Should we hire a CAD guy and teach him how to be an Architect –or– Should we hire an Architect and teach him how to be a CAD guy?

Although AI was in the labs at the time it is very pertinent to note that CAD transformed the world far earlier than AI because CAD automated the way people make drawings required to design and build just about everything.

The world-changing transformation was internal however; in architectural and engineering offices and within manufacturing plants world-wide. CAD did not take on a public persona to become known and understood by the general public and to this day some people do not know what the CAD acronym represents.

Generative AI on the other hand has during 2023 created a world-wide phenomena; few do not know that AI is the acronym representing Artificial Intelligence.

Like a Tsunami, a wave of automation made possible by AI is sweeping away the old and we find the same question asked during earlier transformative periods of change being asked once again:

Should we hire an AI guy and teach him how to be a (whatever) –or– Should we hire a (whatever) and teach him how to be an AI guy?

The dilemma prevails across time and each time we find the context of the answer constrained to that subject matter expertise we develop in the world where we perform human activities such as “going to work.

The context of the dilemma as it pertains to generative AI is one which entails using human faculties to engage in conversations with machines.

Humans literally speaking to and with machines are in the labs in every nation of the world.
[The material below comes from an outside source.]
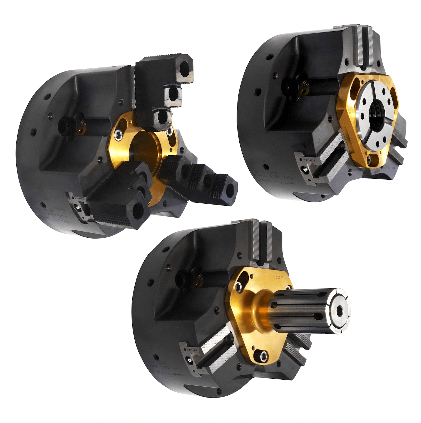 All Royal Multi-Tasking Chucks include the appropriate mounting plate, an internal work-stop, a central chip shield, and a custom-machined drawtube connector for fast, hassle-free installation.
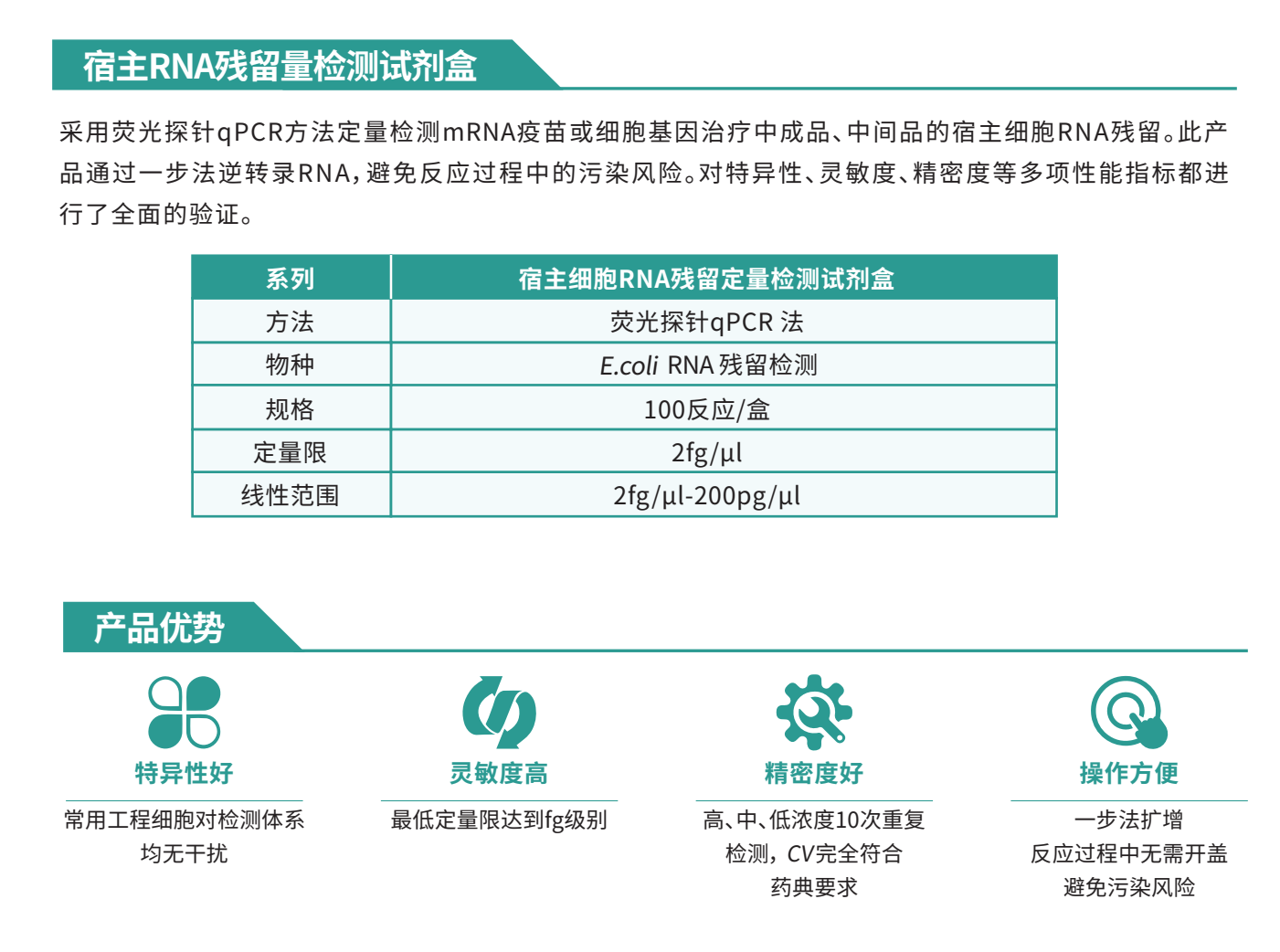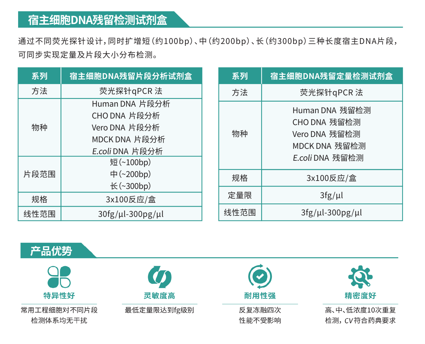 阅微基因自主研发的宿主细胞DNA/RNA残留和片段分析系列试剂盒,采用荧光探针qPCR技术,依据中国药典三部通则3407第三法定量PCR法的要求原则开发设计,按照《中国药典》和《生物制品质量控制分析方法验证技术审评一般原则》及ICH Q2(R1)《分析程序的验证》对试剂盒的特异性、定量限、线性范围、精密度等性能指标进行了全面验证,可满足不同宿主及靶标的检测需求。

For now we are taking baby steps by submitting text to a machine that is a type of computer programming using the same language we use to speak and write on a daily basis; no matter which nation or part of the world we are from.

For the time being “conversation” with machines typically refers to using our written language to ask a machine to tell us what we want to know. That process is called “prompt engineering.”
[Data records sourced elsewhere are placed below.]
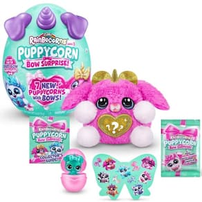 Conheça os Puppycorns mais lindos de Rainboville, Puppycorns Bow Surprise! Esses Puppycorns são apaixonados pela moda e mal podem esperar para serem seus novos amigos peludos! Use o coração Peel and Reveal para aprender o que seu amiguinho adora e abra o mini ovo Boo-Boocorn para conhecer seu mini eu! Há 5 surpresas embaladas dentro deste ovo de Rainbocorns, divirta-se para conhecer seu novo amigo curvado!
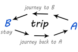 Slovo trip/'trɪp/ zahrnuje cestu z bodu A do bodu B, pobyt v bodu B a následnou cestu zpět do bodu A. Řekneme-li tedy, že taková cesta trvala celý den (The trip took all day), může to znamenat, že v dopravním prostředku jsem strávil např. pouze půl hodiny (tedy cesta tam mohla trvat 15 minut, cesta zpět také, ale pobyt na místě trval 23 hodin.)
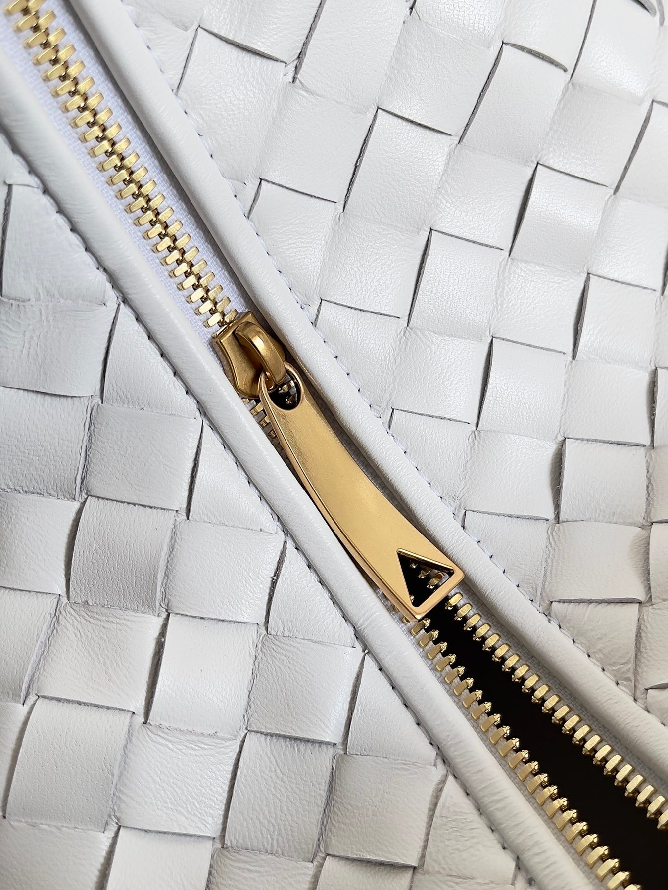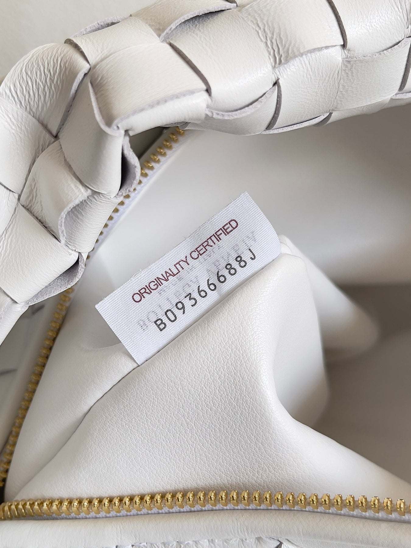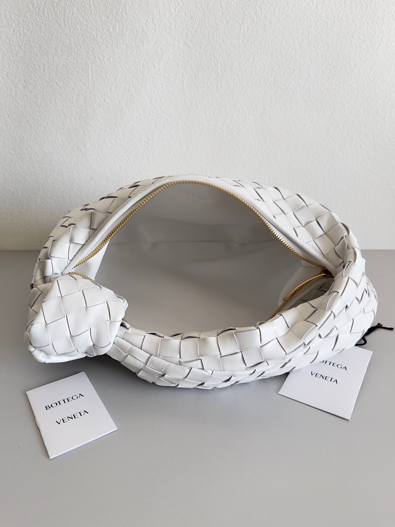 Discover the elegance of the Botega Veneta Jodie handbag in pure white. This medium-sized masterpiece combines aesthetic appeal with exceptional durability, making it a perfect choice for any occasion.
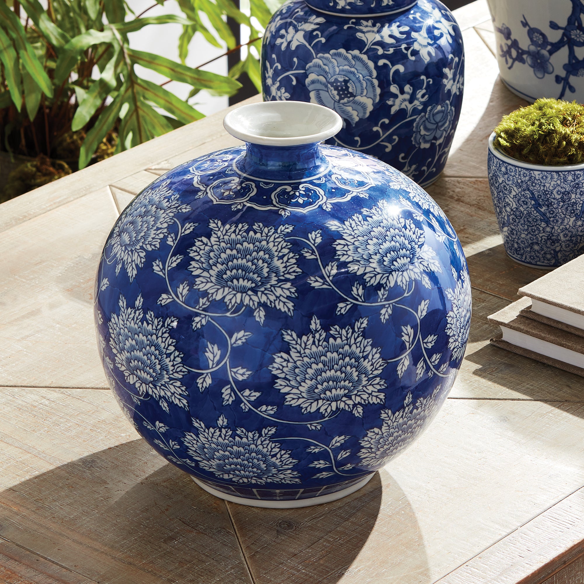 Handcrafted by skilled artisans, each piece is an original and varies in size and color. Dust with dry cloth. Protect fine furniture by lining the interior of the pottery when necessary. Decorative interior use only.

Hence the pervasive existence of the “should we” paradox.

As most who have tried the conversational bots have discovered:

Generative AI is like a dog; give it a biscuit and it will roll over, do a trick and then wait for another biscuit.
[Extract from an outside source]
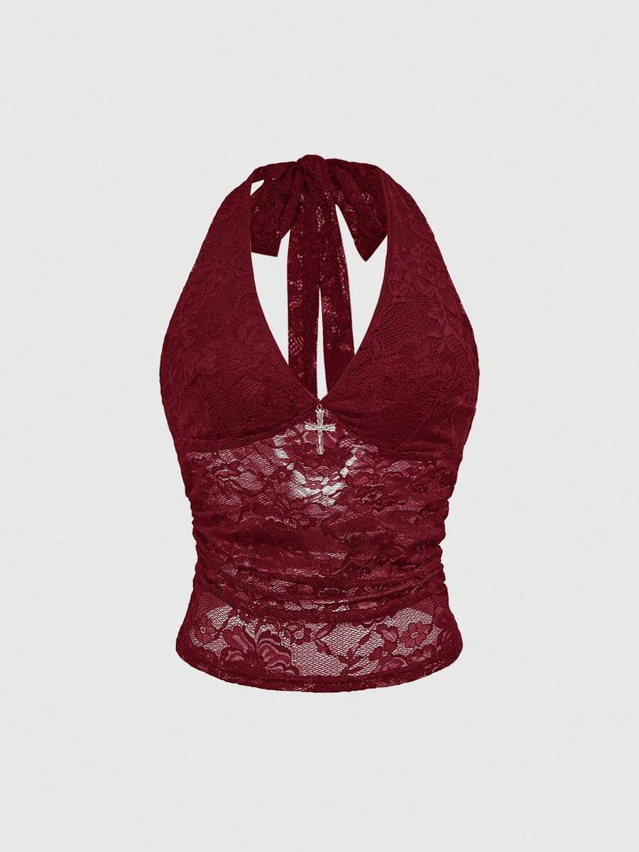 Goth Gothic Cross Decor Lace Halter Neck Bodysuit For Women

What that means is even the simplest prompts submitted to a machine will produce a response of some kind. The reality is though:

Effective prompt engineering requires deep knowledge in as many areas of application as possible –and– a mastery of the language one uses to speak and write in every day life; everything about the use of the language structurally and academically.

Prompt Engineering is –computer programming– with the same conversational natural language humans speak and write with every day.

Garbage In – Garbage Out.


If you want your dog to go out to find the newspaper, find your slippers and your pipe and bring them to you and then take your shoes off, put your slippers onto your feet, put the newspaper on your lap, fill your pipe with your favorite smoking material and light it for you then go put your shoes away in your bed room so they are ready to be worn tomorrow morning you damn well better hire an Architect and teach him how to be CAD guy so he knows –exactly– what needs to be known and said to the machine if you expect the dog to do the trick you –REALLY– want.

You need expertise in the niche you’re targeting, whether that’s architecture, medicine, or poetry. You need rhetorical skills to speak the language models understand. And you need to understand the technical side – linguistics, computational linguistics, philosophy, etc. Prompting isn’t just about stringing words together, it’s about using logic and reasoning to instruct computing machines how to function in our behalf.

Prompt Engineering Is –Computer Programming– With The Same Conversational Natural Language Humans Speak And Write With Every Day.


So when looking for help with prompts, don’t just find someone claiming prompt expertise. Ensure that someone understands your field of expertise and has extraordinary communication skills using your native language, mine being English for example.

The best results when prompt engineering combines subject matter mastery with linguistics, rhetoric, philosophical reasoning ability e.g. language skills that can be used in a programmatic and an orderly way to describe an optimal output.

Expertise in prompting alone is marginally useful without domain knowledge. Expertise in domain knowledge alone has become just as  marginally useful.

Ready to implement prompt engineering for your business?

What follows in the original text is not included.